Rural pharmacies face detrimental impacts from Medi-Cal managed care

Samantha P. Hawthorne
Staff Writer
12/13/2013
 

Due to continued struggle with the change in Medi-Cal’s rate structure, some local pharmacies are anticipating removing the state insurance from their accepted payment methods.

Village Drug pharmacist Kevin Goss said that, in addition to 10 percent Medi-Cal cuts, the implementation of a managed care system caused pharmaceutical reimbursement rates to decrease dramatically. He said they went from the higher-paid “fee from service” rate to a lower managed care rate, which is comparable to the amount a larger urban drug store would receive. Goss said the lower rate cannot support a rural drug store because volumes are lower and costs are higher.

The lower reimbursement rates will have a great impact on all locally owned pharmacies, including Lassen Drug in Chester, Village Drug in Greenville, Quincy Drug and Portola Village Pharmacy.

Lassen Drug owner Harry Lesour declined to comment on his pharmacy’s position on the matter, but did say he will have more information once a new reimbursement rate has been negotiated through the Medi-Cal managed care plan.

Goss said Village Drug, owned by his father, William Goss, may have to decline Medi-Cal coverage for Village Drug clients; however, he does not anticipate it will come down to that.

Quincy Drug and Portola Village Pharmacy owner Mike Kibble said the new rates will essentially result in family pharmacies either shutting down or discontinuing Medi-Cal acceptance all together.

“When (the state) says they are trying to open the doors to provide more services for more people they are doing exactly the opposite — no pharmacy owner can afford to keep their doors open while serving Medi-Cal recipients if a large percentage of their population base is on managed Medi-Cal,” said Kibble.

According to Kibble, more than 99 percent of his clients have insurance. Thirty percent of his patients in Quincy and 45 percent of patients in Portola are on Medi-Cal.

“The recent switch and added managed care plans are forcing me to lose hundreds of dollars daily because the reimbursement is way below what our costs are,” Kibble said.

In a letter he wrote to the Department of Health Care Services’ chief of pharmacy benefits, Harry Hendrix, Kibble said, “The proposed 10-percent cuts to reimbursement rates and claw-back of monies that were ‘overpaid’ back in June 2011 will diminish our rural communities and California all over. It will undermine the healthcare safety net that rural pharmacies provide for Medi-Cal recipients.”

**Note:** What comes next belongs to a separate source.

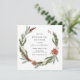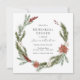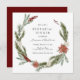 La invitación a cenar con temática boda de invierno incluye un marco de corona de color agua de evergreen, poinsettias y pinecones. Personalice su información o haga clic en "Haga clic en el personalizar más adelante" para editar estilos de fuente, tamaño y colores.

The looming Medi-Cal cuts have plagued the health care system for the last two years, along with the recent conversion to a managed care plan.

Plumas Eastern Health Care was at the forefront of organizations fighting to stop the 10 percent cut, and was able to do so for 30 rural hospitals. Its efforts, however, do not extend to rural pharmacies, which, according to the California Hospital Association, will absorb the cuts and mandatory retroactive claw-backs beginning in January.

Rural pharmacies are working directly with Anthem Blue Cross Partnership Plan and California Health and Wellness — the two insurance providers who represent Plumas County under the managed care plan — to negotiate a higher rural rate. Goss said they have proposed a new rate that is “a little better but is still not great.”

He said, “We don’t want to leave Medi-Cal patients out in the cold with no place to get their prescriptions, so we are working very hard towards finding a rate that we can sustain ourselves on.” In the meantime, pharmacies are “in a holding pattern” until a new rate is agreed upon.